_Extracted data_:

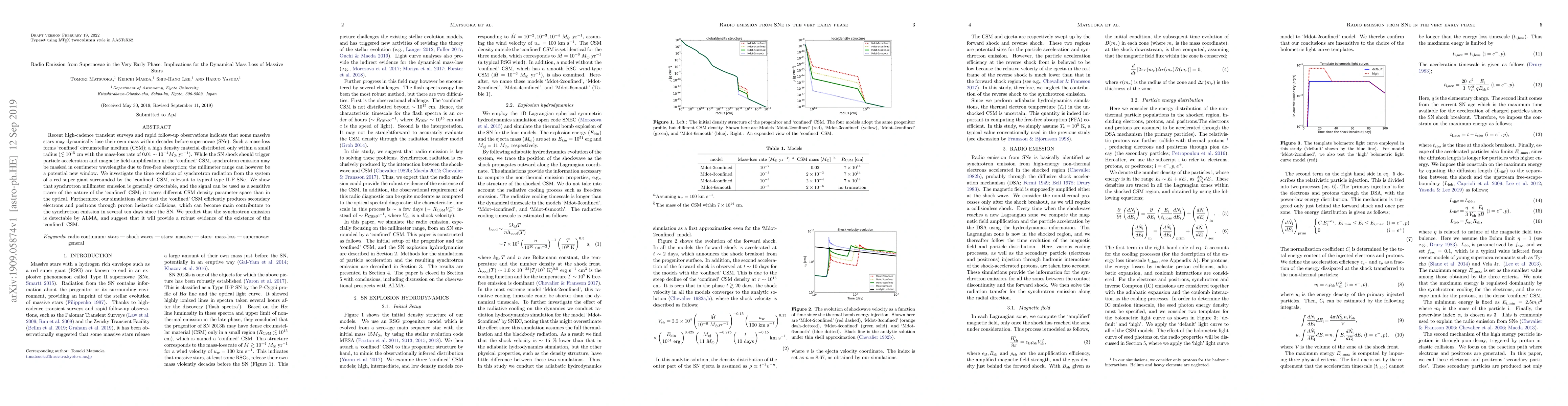 Recent high-cadence transient surveys and rapid follow-up observations indicate that some massive stars may dynamically lose their own mass within decades before supernovae (SNe). Such a mass-loss forms `confined' circumstellar medium (CSM); a high density material distributed only within a small radius ($\lesssim 10^{15}$ cm with the mass-loss rate of 0.01 $\sim 10^{-4} M_\odot$ yr$^{-1}$). While the SN shock should trigger particle acceleration and magnetic field amplification in the `confined' CSM, synchrotron emission may be masked in centimeter wavelengths due to free-free absorption; the millimeter range can however be a potential new window. We investigate the time evolution of synchrotron radiation from the system of a red super giant surrounded by the `confined' CSM, relevant to typical type II-P SNe. We show that synchrotron millimeter emission is generally detectable, and the signal can be used as a sensitive tracer of the nature of the `confined' CSM; it traces different CSM density parameter space than in the optical. Furthermore, our simulations show that the `confined' CSM efficiently produces secondary electrons and positrons through proton inelastic collisions, which can become main contributors to the synchrotron emission in several ten days since the SN. We predict that the synchrotron emission is detectable by ALMA, and suggest that it will provide a robust evidence of the existence of the `confined' CSM.
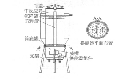 自制復(fù)頻超聲波污水處理裝置〔10〕見圖 1。其中 A-A 剖視圖主要體現(xiàn)3 個(gè)換能器的平面布置。
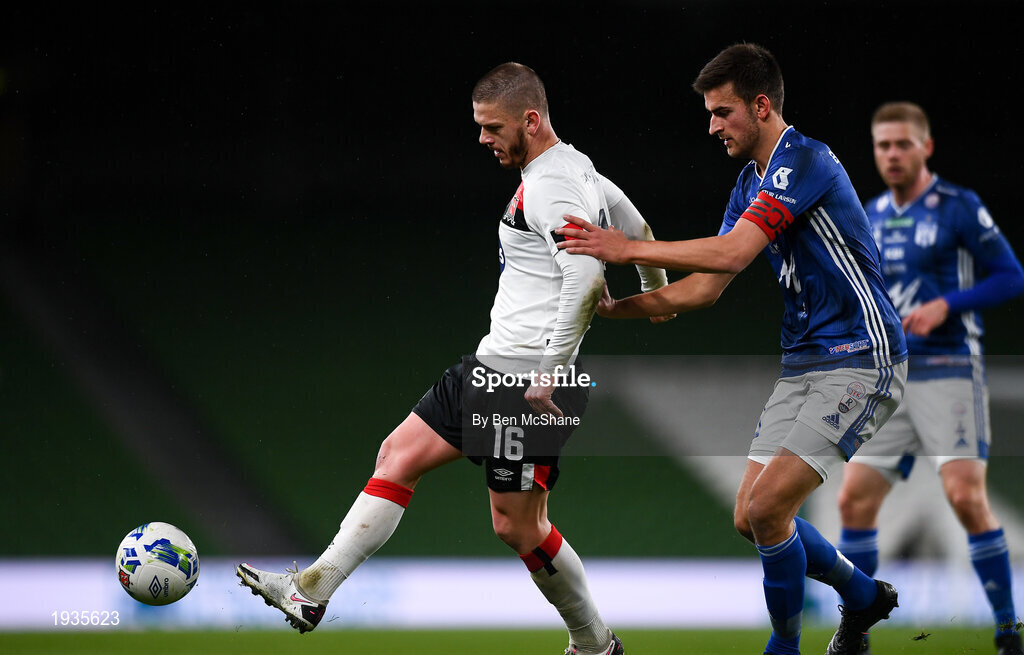 1 October 2020; Sean Murray of Dundalk in action against Jákup Andreasen of Ki Klaksvik during the UEFA Europa League Play-off match between Dundalk and Ki Klaksvik at the Aviva Stadium in Dublin. Photo by Ben McShane/Sportsfile
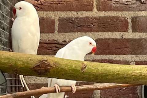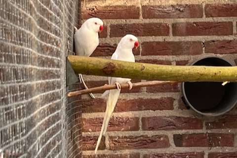 Mooi koppel Albino Halsbandparkieten. Onverwant uit 2021. Goede forse vogels.
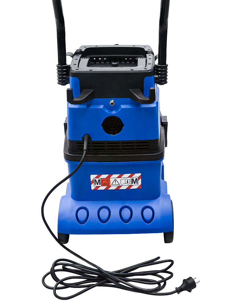 • пылесос на 4-колесном шасси в сборе с сетевым кабелем длиной 4.9 м, рукояткой, панелью управления и баком на 40 л;
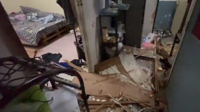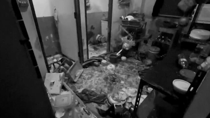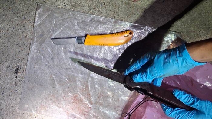 จากการตรวจสอบภายในห้องมีสิ่งของถ้วยจานหม้อข้าวกระจาย มีคราบเลือดเต็มพื้นห้อง และยังพบอาวุธมีดแบบพับ และมีดคัตเตอร์ รวม 2 เล่มตกอยู่ เจ้าหน้าที่จึงเก็บไว้เป็นหลักฐาน
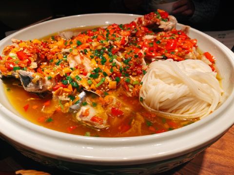 很赞的一家湘菜馆,包间的装修很特色,整的以前那种瓦片屋顶。服务也挺好,听说我们有人过生日,让厨房下长寿面,免费送。 ❖「江南富贵神仙鸡」特别香,好吃。 ❖「湘西霸王一代鱼头配米线」很辣,但味道很赞,特别是加了汁的米粉。 ❖「芝麻菠菜」味道蛮特别的,香香的。 📣 ❖「小米油渣土豆丝」唯一不合口味的是这个土豆丝,个人偏爱酸辣土豆丝,它这个做法味道接受不了。 🚇交通:岗厦地铁站B出口再步行370米
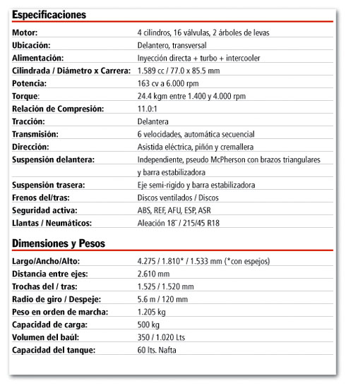 Comparte motor con el DS3, aunque dispone de 7 CV más a igual régimen (6.000 rpm). Se trata del 1.6 desarrollado por PSA-BMW utilizado en múltiples modelos de ambas automotrices, de cuyas virtudes nos hemos ocupado precisamente en los ensayos de los mismos.
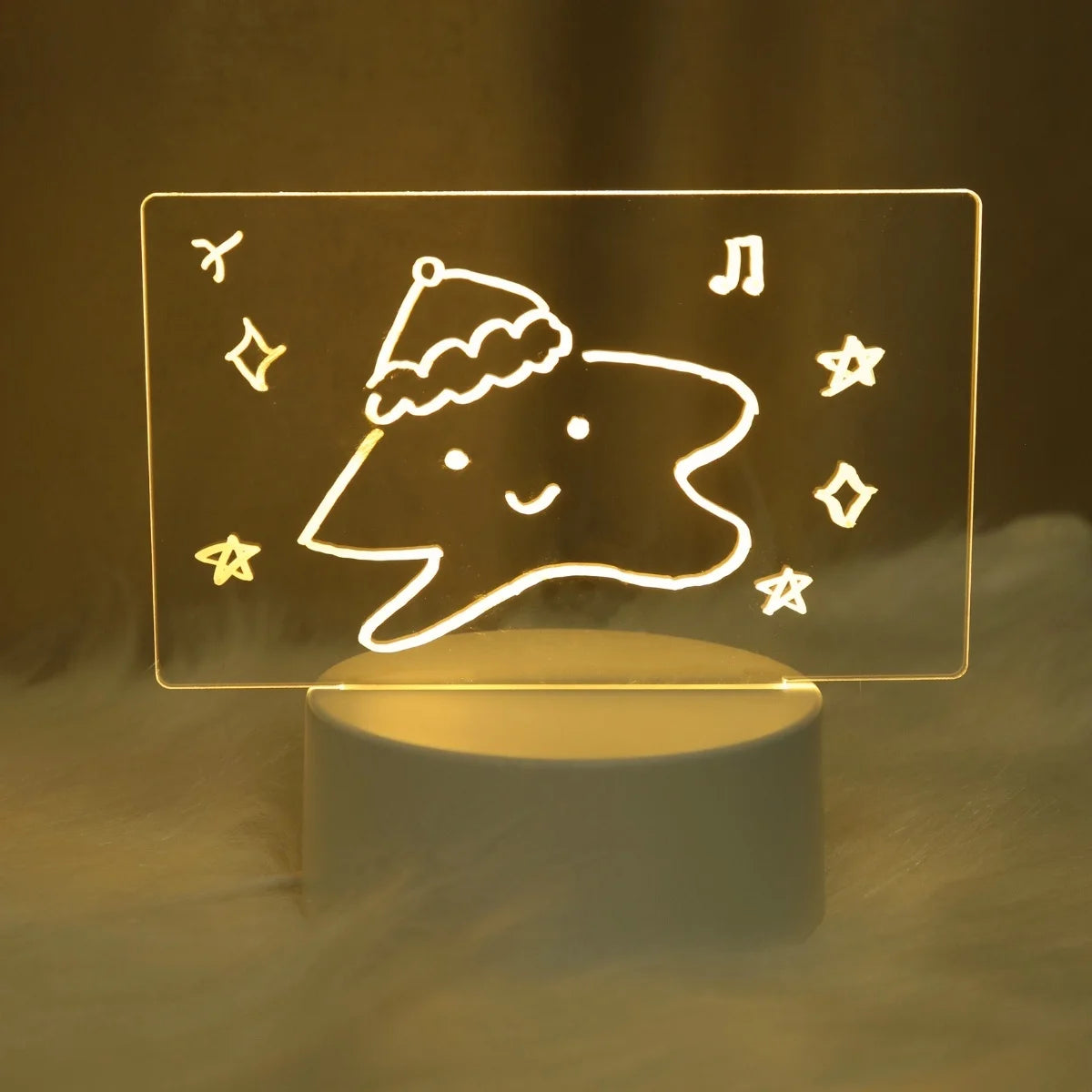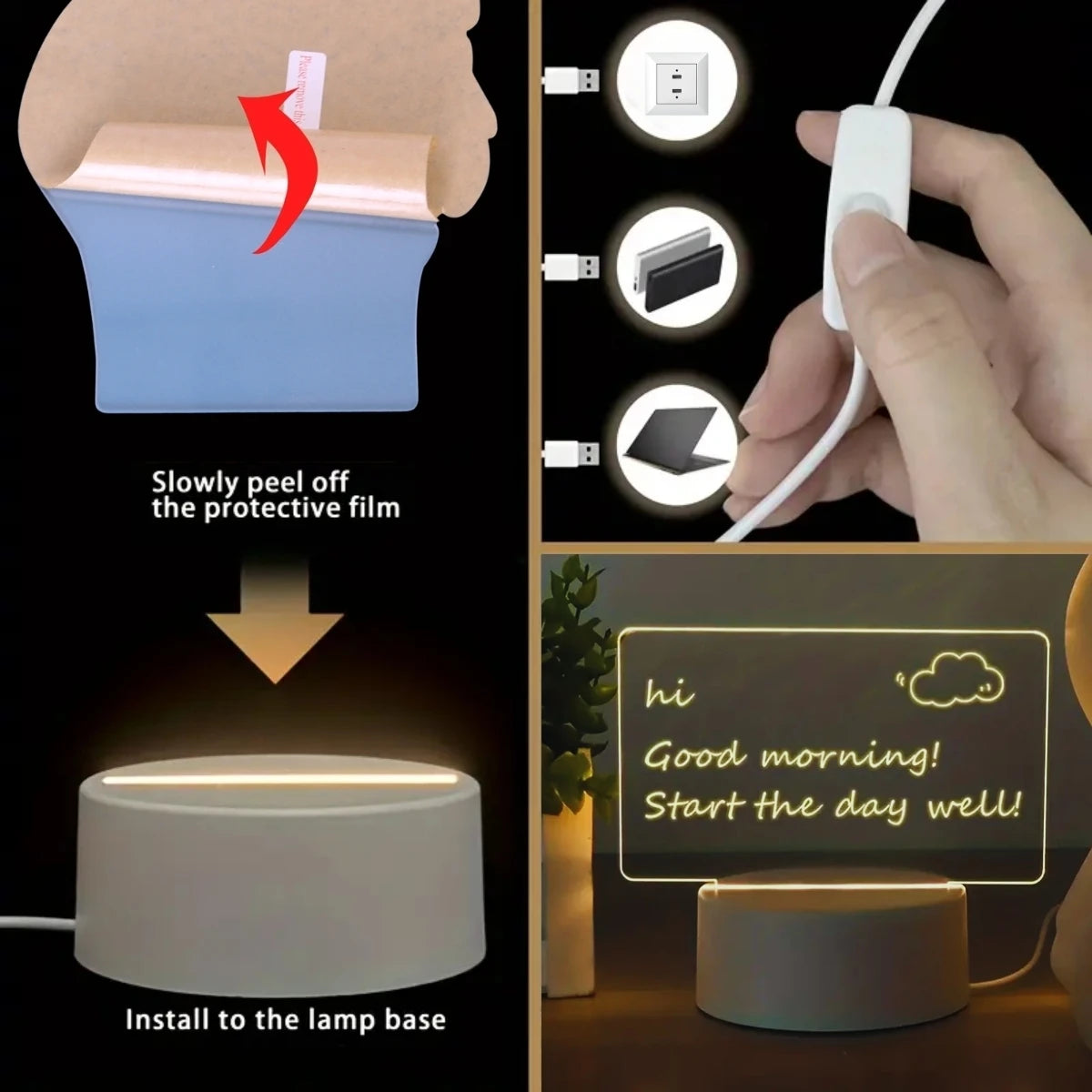 Acrylic LED Message Board Night Light – Erasable Writing Panel & Creative Bedside Lamp
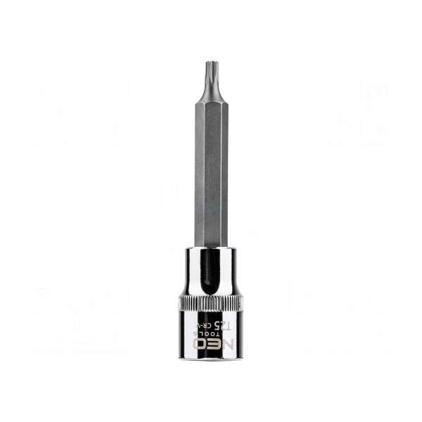 Nasadka narzędziowa typu Torx o rozmiarze TX25 przeznaczona jest do współpracy z kluczami posiadającymi gniazdo mocujące 1/2". Element charakteryzuje się całkowitą długością wynoszącą 100mm, co umożliwia dostęp do śrub w miejscach o utrudnionej widoczności lub głębszym osadzeniu.
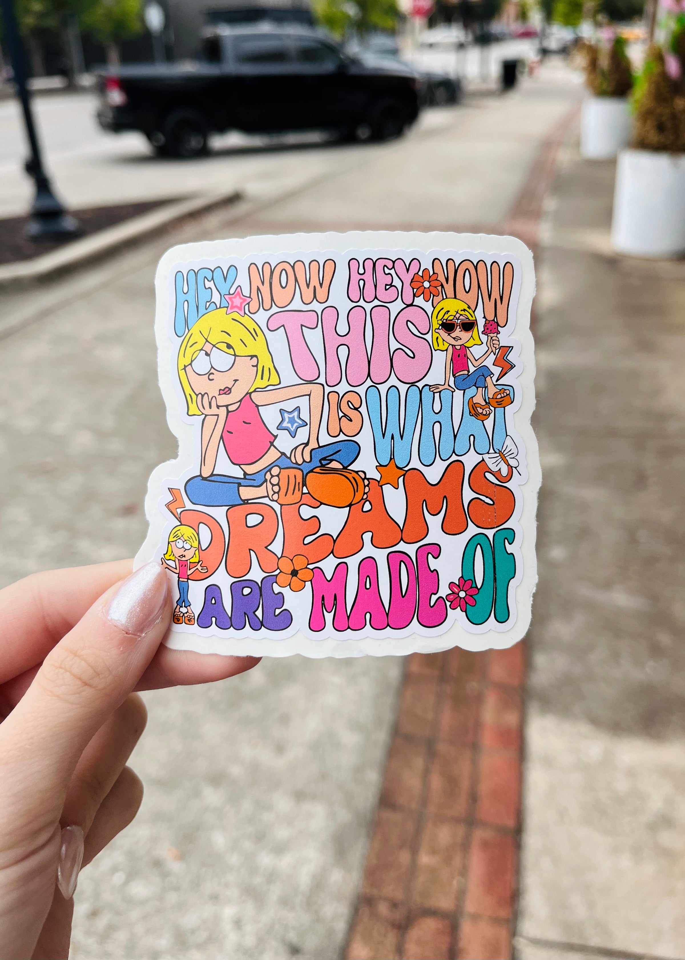 Celebrate your favorite childhood icon with the Lizzie McGuire Sticker! Featuring vibrant, colorful letters spelling out "Hey now, hey now, this is what dreams are made of," this sticker bursts with charm. Adorned with playful flowers, butterflies, stars, and lightning bolts, it adds a whimsical touch to any surface. Plus, the cartoon version of Lizzie McGuire appears in three dynamic poses, capturing her fun and spirited personality. Perfect for personalizing laptops, notebooks, or phone cases, this sticker brings nostalgia and style wherever you stick it.
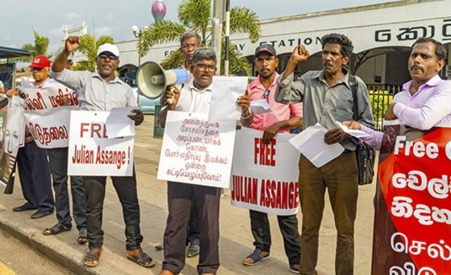 අසාන්ජ් ආරක්ෂා කිරීම සඳහා අප්‍රේල් මාසයේ ශ්‍රී ලංකාවේ පැවති සසප රැලියක්
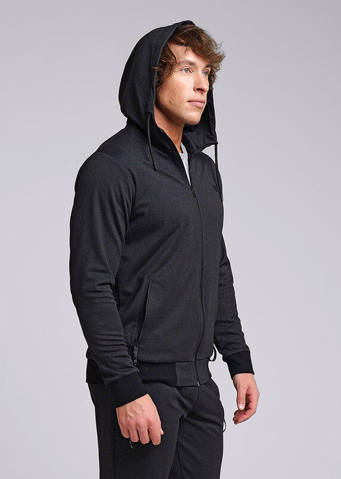 Куртка мужская с застежкой-молнией по переду на капюшоне из плотного пике. Рукава втачные с манжетой, по низу пояс. На капюшоне люверсы со шнуром и наконечниками. Для функциональности и удобства спереди карманы на молнии с тесьмой.
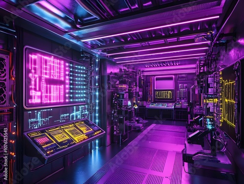 neon, futuristic, science fiction, technology, digital, abstract, colourful, dark, illumination, light, glowing, modern, industrial, interior, facility, equipment, control, interface, console, display, monitor, machine, engineering, innovation, energy, power, atmosphere, environment, surreal, advanced, high technology, laboratory, workspace, datum, information, system, network, code, circuit
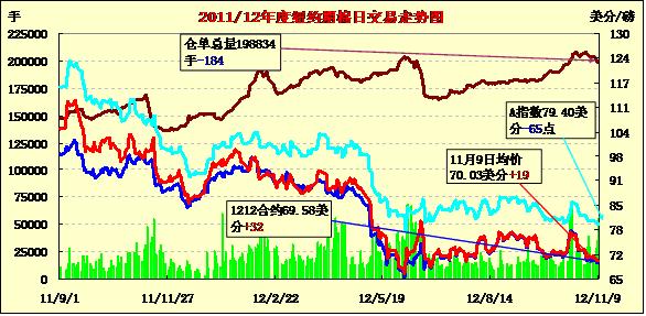11月9日,雖然美國農(nóng)業(yè)部(USDA)報告利空,但期棉市場整體上漲,12月合約結(jié)算價69.58美分/磅,漲32點,1303月合約70.44美分,漲10點。市場交易以12/3月轉(zhuǎn)倉交易為主,成交維持高位。在USDA報告發(fā)布前,主力3月合約穩(wěn)定于70美分以上運行,報告發(fā)布后市場下跌至該水平以下,當其最低跌至69.79美分后反彈走高,盤終收于70美分以上。分析師指出,市場近期一直預期USDA報告利空,但消息落實后,有空頭平倉對市場形成支持。據(jù)美國農(nóng)業(yè)部(USDA)報告顯示,本年度全球棉花期初庫存1516萬噸,較上次預測調(diào)增2萬噸;產(chǎn)量2544萬噸,較上次預測調(diào)增11萬;消費2315萬,調(diào)減12萬;期末庫存1748萬,調(diào)增25萬。
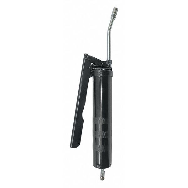Manual Grease Gun, Grease Gun Loading Method Bulk, Cartridge, Grease Gun Handle Style Lever, Nozzle Extension Type Rigid Pipe, Strokes per Oz. 40, Max. Operating Pressure 6,000 psi, Cartridge Capacity 14 oz, Bulk Capacity 16 oz, Pipe Length 4 in, Black, Tube Material Steel, Tether Style Not Tether Capable, Variable Stroke / Full Stroke Variable Stroke, 1 oz, Tool Length 14 63/100 in, For Use With Any Greaseable Fitting, Application Agriculture, Automotive, Industrial
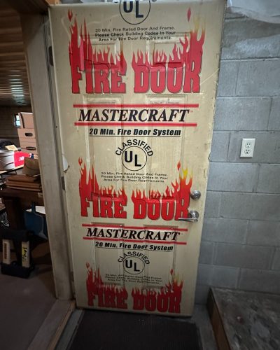 Jumbo-sized fire door label. Tired of complaints about the “Fire Door” stamp being too small on their doors, Mastercraft has gone the other direction with labeling. High-five.

_Problem requirements_: Given the entries above, transcribe exactly the lines from the one holding "neon, futuristic, science" through the one holding "Manual Grease Gun, Grease"; pictures do not belong in the transcription.

_Solution to this task_:
 neon, futuristic, science fiction, technology, digital, abstract, colourful, dark, illumination, light, glowing, modern, industrial, interior, facility, equipment, control, interface, console, display, monitor, machine, engineering, innovation, energy, power, atmosphere, environment, surreal, advanced, high technology, laboratory, workspace, datum, information, system, network, code, circuit
11月9日,雖然美國農(nóng)業(yè)部(USDA)報告利空,但期棉市場整體上漲,12月合約結(jié)算價69.58美分/磅,漲32點,1303月合約70.44美分,漲10點。市場交易以12/3月轉(zhuǎn)倉交易為主,成交維持高位。在USDA報告發(fā)布前,主力3月合約穩(wěn)定于70美分以上運行,報告發(fā)布后市場下跌至該水平以下,當其最低跌至69.79美分后反彈走高,盤終收于70美分以上。分析師指出,市場近期一直預期USDA報告利空,但消息落實后,有空頭平倉對市場形成支持。據(jù)美國農(nóng)業(yè)部(USDA)報告顯示,本年度全球棉花期初庫存1516萬噸,較上次預測調(diào)增2萬噸;產(chǎn)量2544萬噸,較上次預測調(diào)增11萬;消費2315萬,調(diào)減12萬;期末庫存1748萬,調(diào)增25萬。
Manual Grease Gun, Grease Gun Loading Method Bulk, Cartridge, Grease Gun Handle Style Lever, Nozzle Extension Type Rigid Pipe, Strokes per Oz. 40, Max. Operating Pressure 6,000 psi, Cartridge Capacity 14 oz, Bulk Capacity 16 oz, Pipe Length 4 in, Black, Tube Material Steel, Tether Style Not Tether Capable, Variable Stroke / Full Stroke Variable Stroke, 1 oz, Tool Length 14 63/100 in, For Use With Any Greaseable Fitting, Application Agriculture, Automotive, Industrial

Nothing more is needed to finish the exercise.